The purpose of this project, The Bund in Sweden 1946-1954 : a Jewish workers’ movement at the crossroads, is to illuminate how the once strong Jewish workers’ movement in Eastern and Central Europe with its concentration to Poland, tried to answer the new challenges after World War II and the Holocaust. The movement’s social base within the Jewish proletariat had been annihilated, mass migration to the Zionist state project in Palestine accelerated and the state of Israel was declared. During the same period peace turned in to cold war and political movements took sides. Which socialism – and where? These questions confronted the remnants of the Bund scattered in camps and migration during the first post war years. Their radical democratic socialist perspectives were torned between soviet communism and western capitalism. Their non-Zionist jiddischkeit and principle of doikait, the struggle
for Jewish rights and cultural autonomy wherever Jews were living, had to handle the realization of a Zionist national state with socialist ambitions.
Newly found archives show that some sections of the Bund were also established in Sweden, among refugees and transmigrants, during these first post war years.

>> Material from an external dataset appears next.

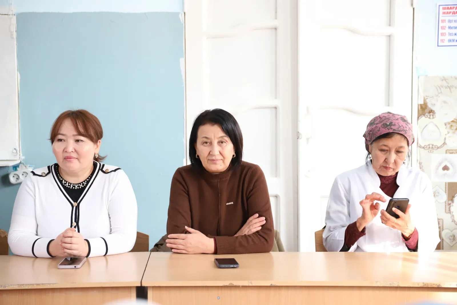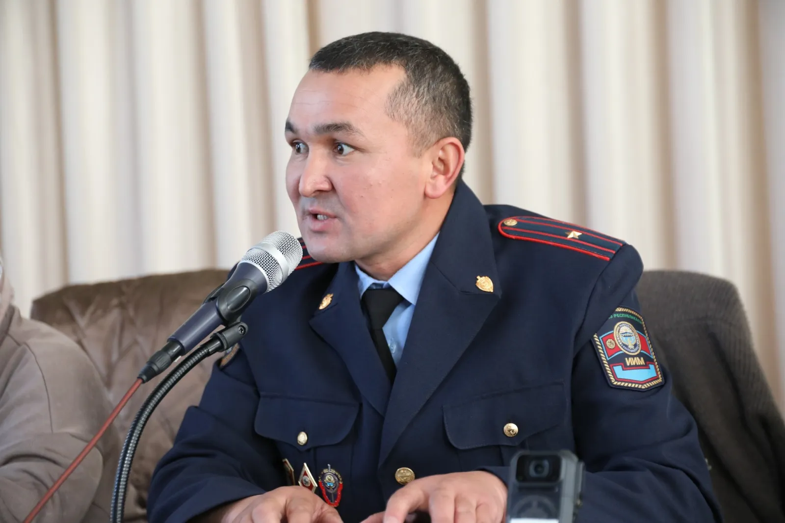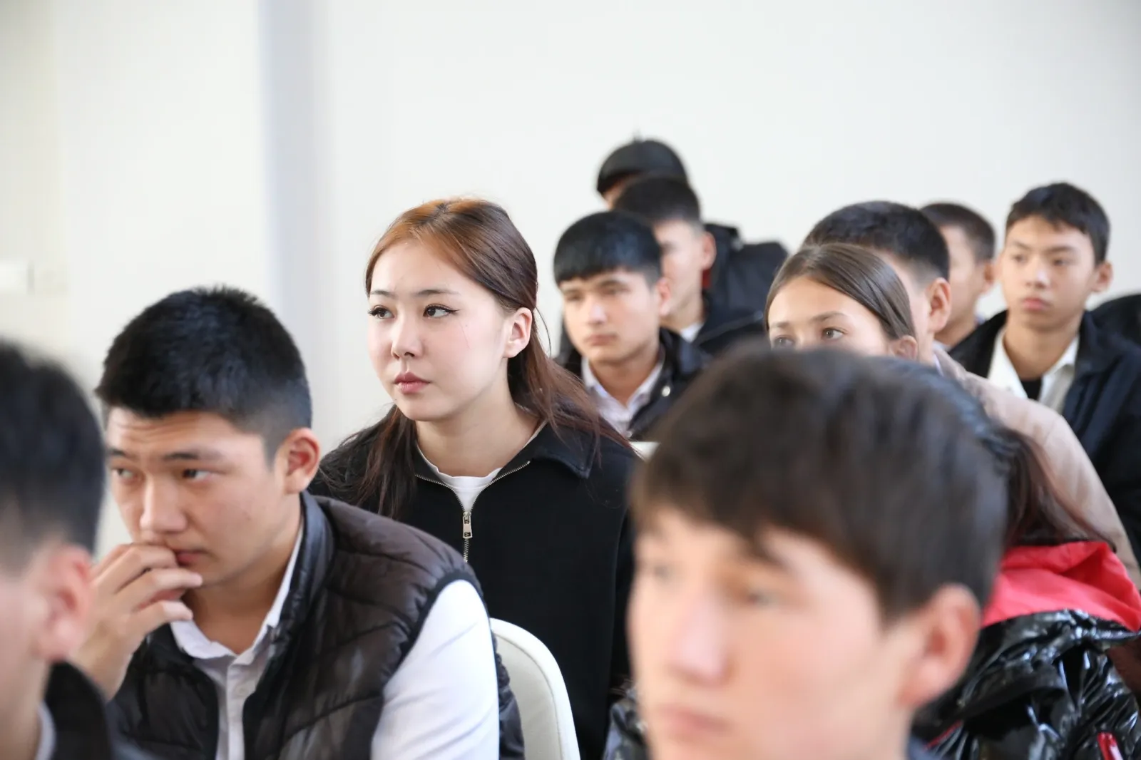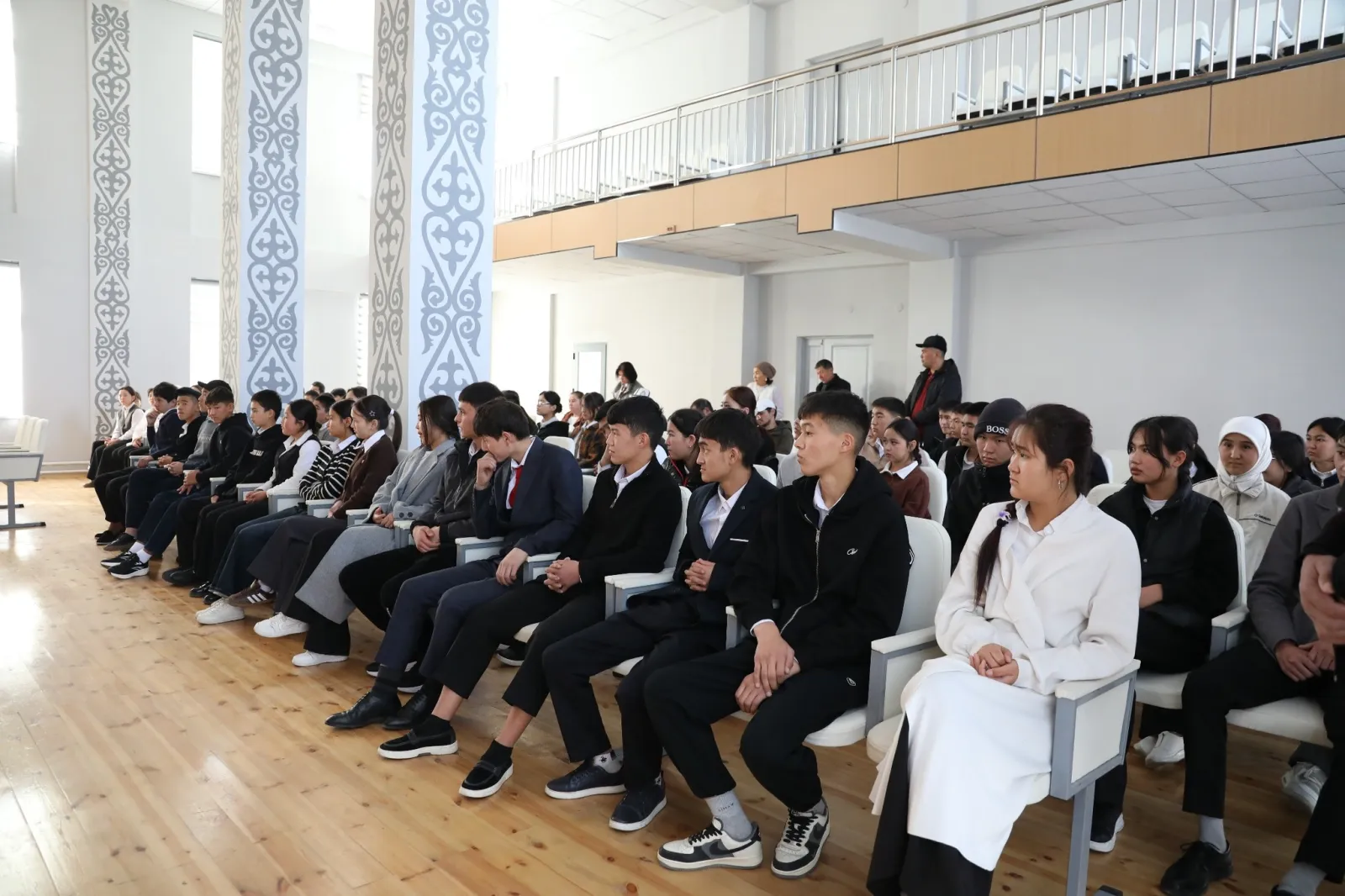 Жолугушууда окуучуларга жана студенттерге эрте турмуш курууну терс кесепеттери жана кылмыш жасагандарга берилүүчү жазалар туурасында маалыматтар берилүүдө.

Here, they met with a social democratic labor movement in power, engaged in building its national “people’s home” in a society undamaged by the war. How did the bundists in Sweden – organized in jiddisch sections (Arbeter-Ring) affiliated to the Swedish social democratic party – handle the political and ideological challenges of socialism and nationalism during their hardships as refugees after the Holocaust? Did they take side as the international Bund split between the developing Eastern and Western block? How did they rethink Zionism and the project of Israel? Would the experience of the Swedish social democratic project influence their further
perspectives?
The study connects to current theories of nationalism and ethnicity as applied to the field of labor movement research in political and ideological respects. It will bring new knowledge into a hitherto not researched aspect of the labor movement in the Baltic area – and also to the conditions of cosmopolitism (exemplified by the Bund) not only in the mid war period of radicalized nationalism but in the post war development of national welfare states.
The project is well rooted in the environment of labor movement research at the Södertörn university and will contribute to education on all levels.